# Material provided
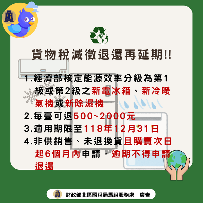 ♻退還減徵貨物稅再延期至118年12月31日♻
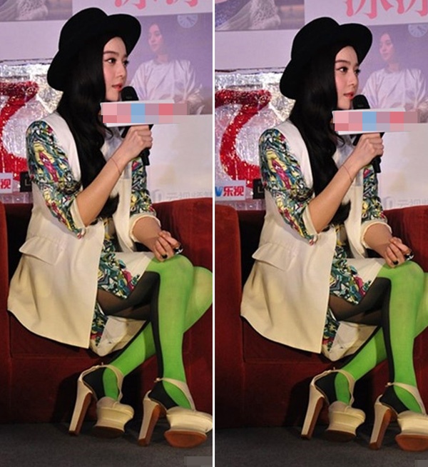 | Phạm Băng Băng kém sang trọng trong set đồ lòe loẹt gồm tất hai màu kết hợp váy họa tiết. |
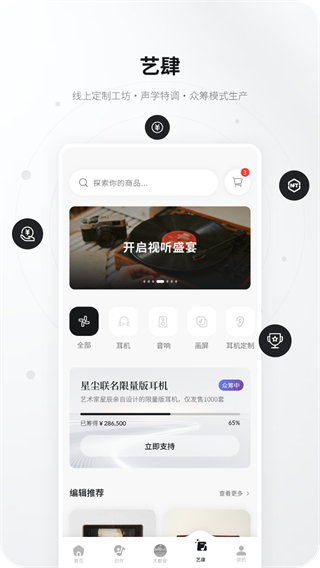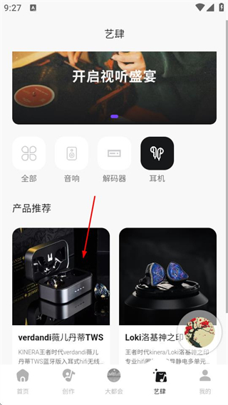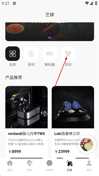 2、在艺肆页面,点击耳机分类,可筛选出耳机类产品。

# Task description
Everything from the line containing "họa tiết. |" to the last line of the listing above is to be written out exactly, except the pictures, and nothing else.

# Solution to the problem
 | Phạm Băng Băng kém sang trọng trong set đồ lòe loẹt gồm tất hai màu kết hợp váy họa tiết. |
 2、在艺肆页面,点击耳机分类,可筛选出耳机类产品。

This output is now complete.